What matters here: the agents transform a tedious documentation exercise into a concrete foundation for active governance, without it being a separate project.
From Bronze to Upper Layers#
Once the bronze layer is documented, something changes in how you document the rest.
In silver, each dbt model is an explicit transformation from known sources. The SQL itself says a lot: a total_amount column calculated from unit_price * quantity doesn’t need a long description. What matters is documenting cleaning decisions, deduplication rules, edge cases. And an LLM can infer those by reading the SQL and the bronze documentation in parallel.
In gold, models are often business aggregations. Columns correspond to metrics whose meaning is in business logic, not in code. That’s where documentation becomes more manual, but at least you start from a solid foundation. You know exactly what each upstream field represents, which makes documenting derived metrics much more precise.
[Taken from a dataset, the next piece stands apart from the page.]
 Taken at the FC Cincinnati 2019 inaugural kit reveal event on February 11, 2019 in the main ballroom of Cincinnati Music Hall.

The leverage effect is real: the bronze layer is the longest to document and the hardest to partially automate. Upper layers benefit directly from this foundation work. Every correctly described bronze column propagates through the lineage and reduces documentation work for the layers that depend on it.
This is also what makes bronze documentation so worthwhile to do first, despite the effort: it’s the only place where knowledge is buried in an external codebase, and therefore the only place where LLM agents have a real advantage over a data engineer who doesn’t know that code.
The Limits#
Let’s be honest about what works less well:
Business context. An LLM can understand that creation_date is a creation date. It can’t know that in your context, this date has a precise contractual meaning that affects downstream calculations. Fine-grained business context remains human.
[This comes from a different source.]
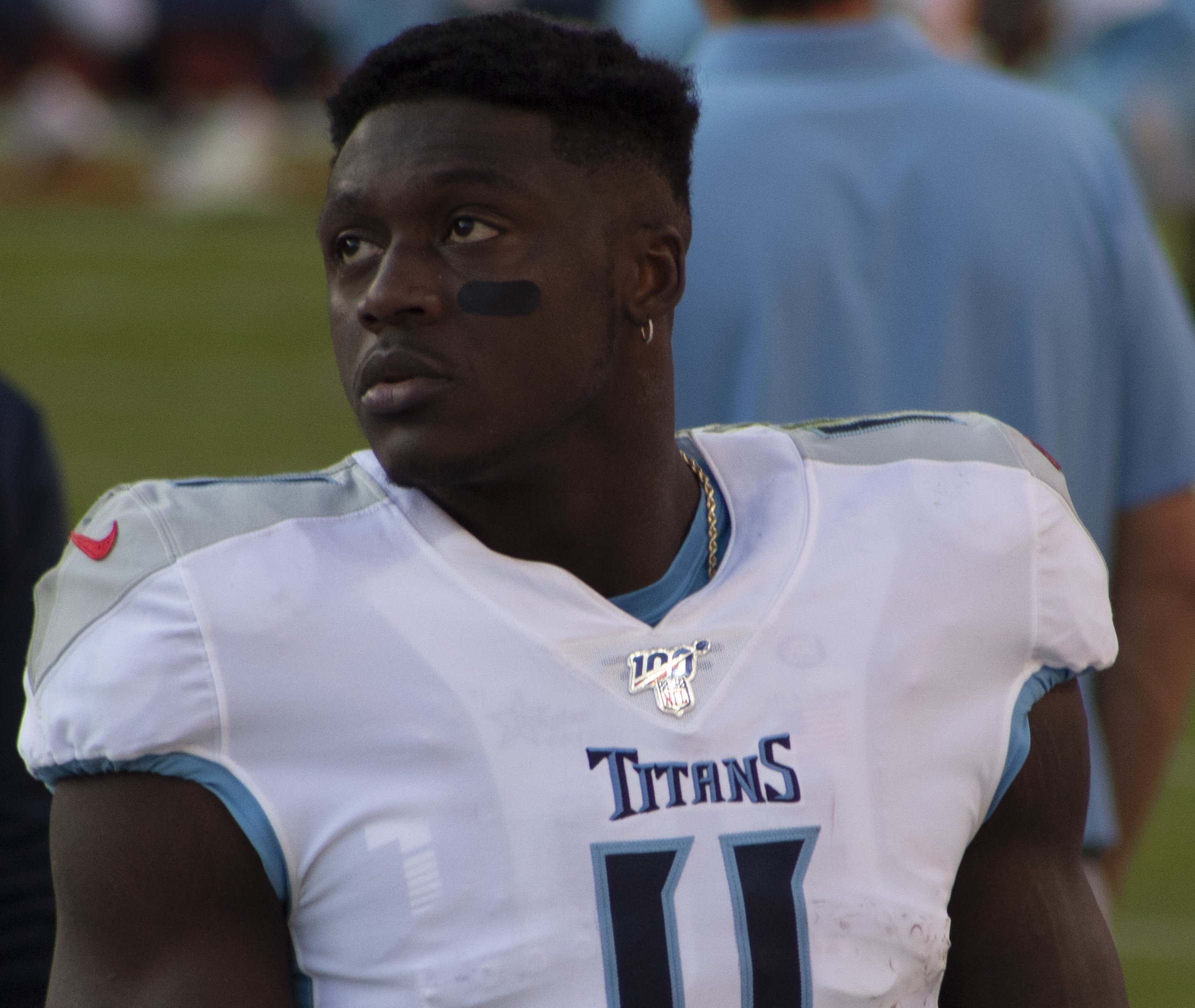 A.J. Brown with the Tennessee Titans on October 13, 2019

Unreadable legacy code. When the code interacting with a table is a 3000-line file with no clear structure, even an LLM struggles to extract coherent documentation from it.
Validation. Everything an LLM produces must be validated by someone who knows the domain. Agents do the heavy lifting, but validation, correction and adding business context remain essential and irreplaceable. And as I often say, we’re responsible for how we use AI, and that includes validating what it produces.
The Complete Workflow#
In practice:
- You give your agents the source database schema dump and the application code
- The agents produce documented YAML files, table by table
- A human reviews, corrects errors, adds missing business context
- The corrected YAMLs become the source definitions in dbt
- Metadata is pushed to Snowflake via
persist_docs - Classifications feed governance policies
Total time? For a database with a few hundred tables: a few days of agents plus a few days of human review. Without agents, that’s weeks or months of manual work that nobody wants to do.
One last practical tip: if you’re going to do this, go all in. Full reverse-engineering prompt, deep thinking mode enabled, systematic table-by-table review. This means burning a few million tokens with our friends at OpenAI, Anthropic or Google, but it’s a one-time investment for a long-lasting asset. Run it overnight. In the morning, you have a first version of documentation for your entire bronze layer, and you didn’t have to manually work through a single legacy_field_42 yourself.
The Lesson#
Source documentation is one of the best use cases for LLMs in data engineering. It’s not glamorous, it’s not machine learning, it’s not data science. It’s foundational work, tedious but essential, that LLMs do well because it’s systematic, the context is in the code, and the output is structured.
And unlike other LLM applications, here validation is straightforward: a data engineer or backend developer can verify the produced documentation in a few minutes per table. Errors are easy to spot and correct.
It’s not magic. It’s just a good tool applied to the right problem.